With the performance hall concerts and recent albums, Perry says he wanted to show that the Daddies can play traditional jazz, pointing to the Rat Pack covers Please Return the Evening (2014), and hot jazz genre The Boop-a-Doo (2016). Playing those songs at performance halls was a way to prove to traditional swing fans that, “we’re not shitty at swing,” he says.
The Daddies originally planned to have their Oct. 2 Session show as an outlet for the band to run through the set they don’t do at performance centers — ska, punk and rockabilly. But the band brought back guitarist Chris Ward, who played with the band a few years ago, Perry says. Because having rehearsal during the pandemic is so difficult, it’s been easier to learn the swing songs, he adds.

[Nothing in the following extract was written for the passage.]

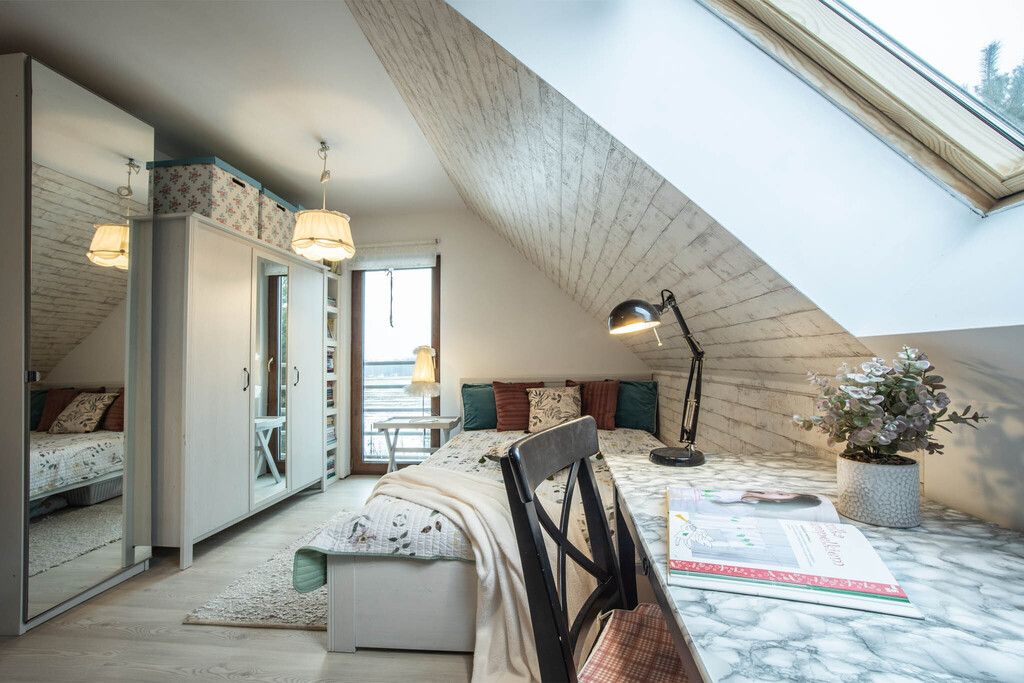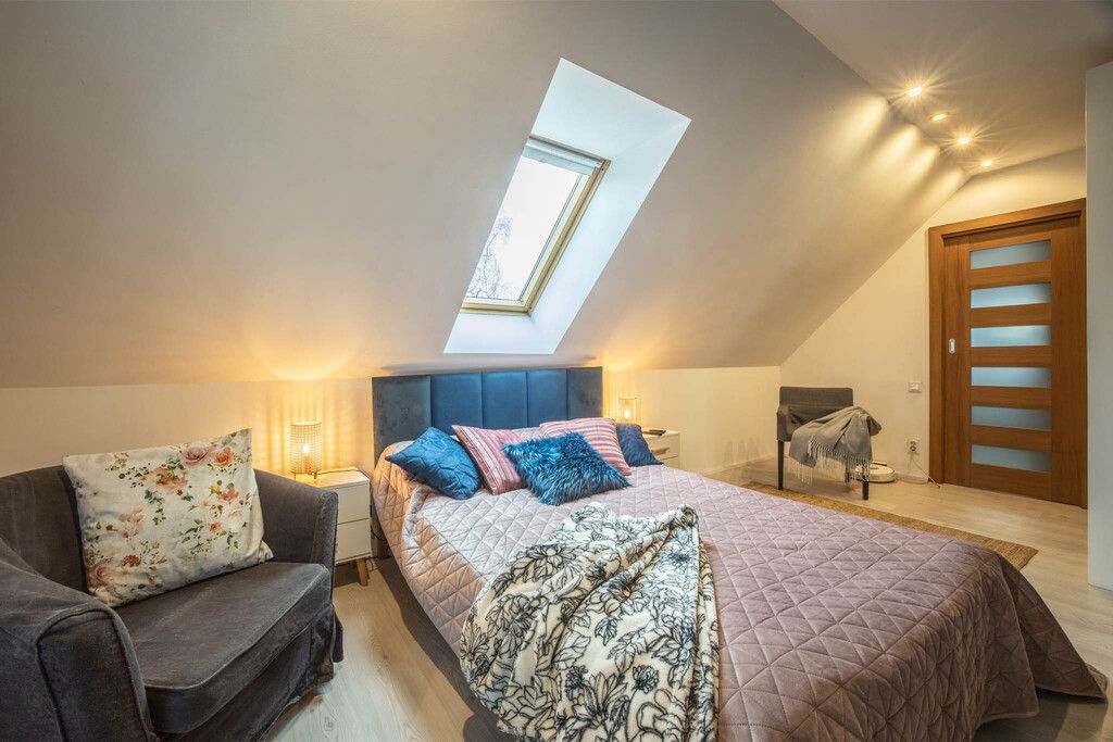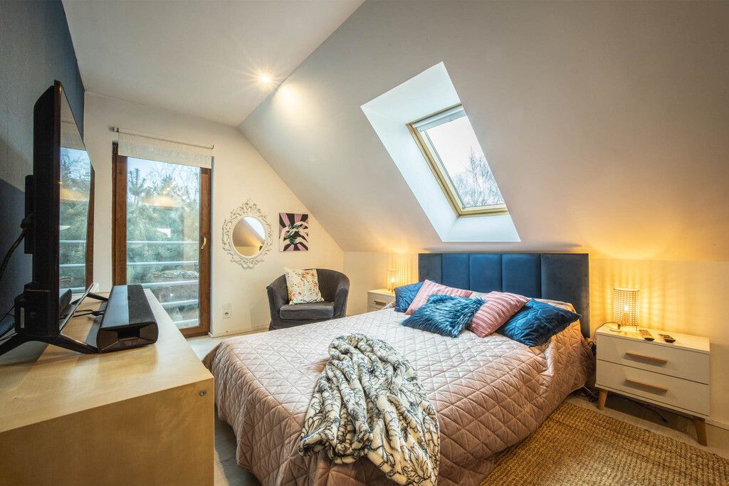 PiętroNa górze znajdują się 3 komfortowe sypialnie. Jedna z nich posiada

Yet the pandemic has been a good time for Perry to write. He says the Daddies have three new albums on the horizon: swing, ska/pop and rockabilly. And the varied genres of those albums is a trend for the band. “The Daddies have never been limited to one style,” he adds. “We’ve been successful in certain ways, but if we had stuck to one style, we’d have been easier to market.”
The past year has been a time for Perry to reflect on the band and its musical vision, too, he says. He’s been following the first part of the vision of the Daddies when he first started the band and bought the drums and banjo and started playing swing-based music, he says. But a second part of the vision that he compares to the 1980s British ska band the Madness’ combination of lyrical themes of the working class with the Victorian era sounds of music hall.
“We’d deal with racism and working class issues like child abuse,” he says. “You take the traditional sounds of America — jazz — and plug that into a new kind of working class stories.” That’s been in earlier Daddies albums, like Zoot Suit Riot, Perry adds, though it was more cryptic. “But now there’s a lot more straightforward material, and it’s just more fun and danceable,” he says.